Why Everybody Is After Niobium: A Commodity 'No One Knows About'
The ongoing slump in commodity prices has tested even the best in the business, but there is one commodity that is gaining a lot of interest.
It is called niobium, a chemical element with symbol Nb and atomic number 41. It is named after Greek goddess Niobe, the daughter of Tantalus. The metal is used to make stronger yet lighter steel, and is seven times more valuable than copper.
A Bloomberg report stated China Molybdenum Co. outbid at least 15 companies in April to buy the niobium and phosphate unit of Anglo American plc (ADR) (OTC: NGLOY) in Brazil. The purchase price was offered for $1.5 billion, or 50 percent more than analysts expected.
Other Recent Interest
"The buying frenzy that included Vale SA, Apollo Global Management LLC and X2 Resources showcased the growing appeal of a market that may be worth $4 billion for a soft, silvery metal many experts don't know much about," the report said.
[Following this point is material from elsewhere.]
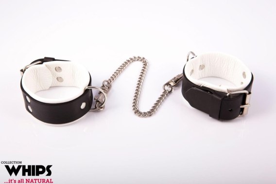 Skórzane kajdanki męskie na ręce w kolorze białym zapinane na masywne klamry. Możliwość regulacji rozmiaru.
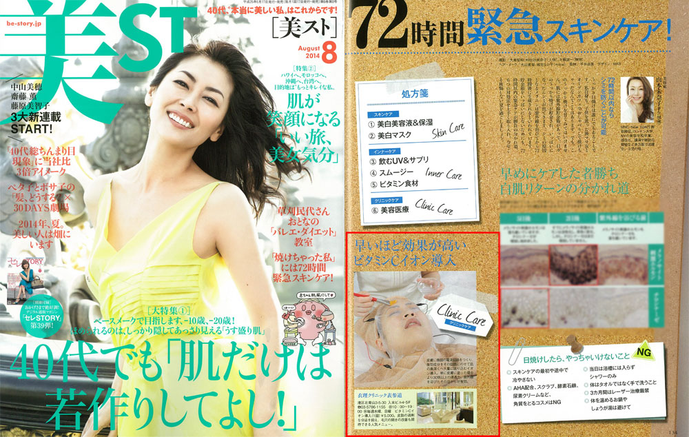『美ST』8月号、【「焼けちゃった私」には72時間緊急スキンケア!】にて、美容家の山本未奈子さんが、衣理クリニック表参道の「ビタミンCイオン導入」をご紹介くださいました。是非、ご覧下さいませ。

"I didn't know what niobium was, and I had been in the minerals industry for 20 years before this opportunity came across my desk. I had to actually open up the periodic table just to double-check that it was an element. It definitely is a boutique space," Craig Burton, the chairman of Cradle Resources Ltd. told Bloomberg.
Australia-based Cradle Resources is seeking to develop the $200 million Panda Hill niobium project in Tanzania.
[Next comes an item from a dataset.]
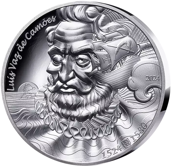 The obverse of this coin depicts Luís Vaz de Camões in profile, surrounded by waves and sea. There are many symbols referring to his maritime adventures: his ruff and hair turning into waves, the sailboat on the horizon, the caravel on his right. This caravel is adorned with Crosses of the Order of Christ, symbol of the Portuguese nation, and an emblem made of a feather and a sword, evoking the sixteen years that the author spent at sea and traveling in the Orient. His right eye, which he lost during a battle in Morocco at the age of 23, is closed.

The report says Cia. Brasileira de Metalurgia & Mineracao in Brazil supplies more than 80 percent of the metal; global demand for niobium is between 90,000 and 100,000 metric tons per year.
Metal Bulletin Ltd., a company that publishes prices for metals even as obscure as bismuth and germanium, has said "there's not enough liquidity to report one for niobium," reported Bloomberg.
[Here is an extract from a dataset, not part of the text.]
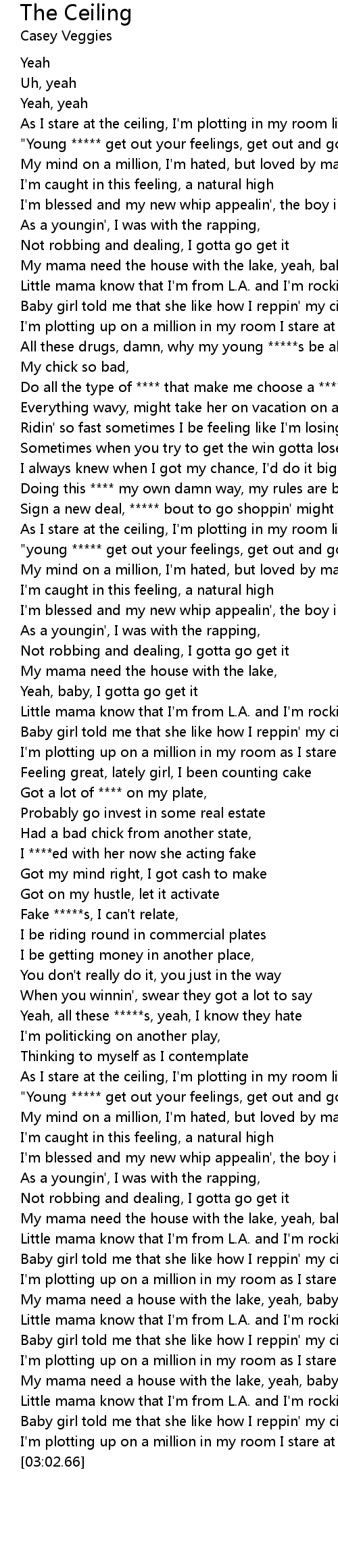 I'm plotting up on a million in my room as I stare at the ceiling |

"Niobium is a very unique business," the report said, quoting Kalidas Madhavpeddi of CMOC International unit of Luoyang, China-based China Molybdenum. "We typically want to buy from people who regret selling it. We've been very carefully assembling a war chest in anticipation of a downturn in the industry."
In 2014, Magris Resources Inc. — founded by Aaron Regent, former Barrick Gold Corporation (USA) (NYSE: ABX) CEO — agreed to pay $530 million for the Niobec mine in Canada.
Back To Anglo
Bloomberg, citing a research report from Argonaut, noted, "Unsuccessful bidders in Anglo's sale may turn their interest to Cradle's Panda Hill project in Tanzania," which pending financing, is expected to start producing niobium in mid-2018.
These sales "have brought a lot of participants in," Cradle's Burton told Bloomberg. "There was only one winner. That leaves lots of parties that might be interested in talking to us because we do need to raise some capital to bring this project on."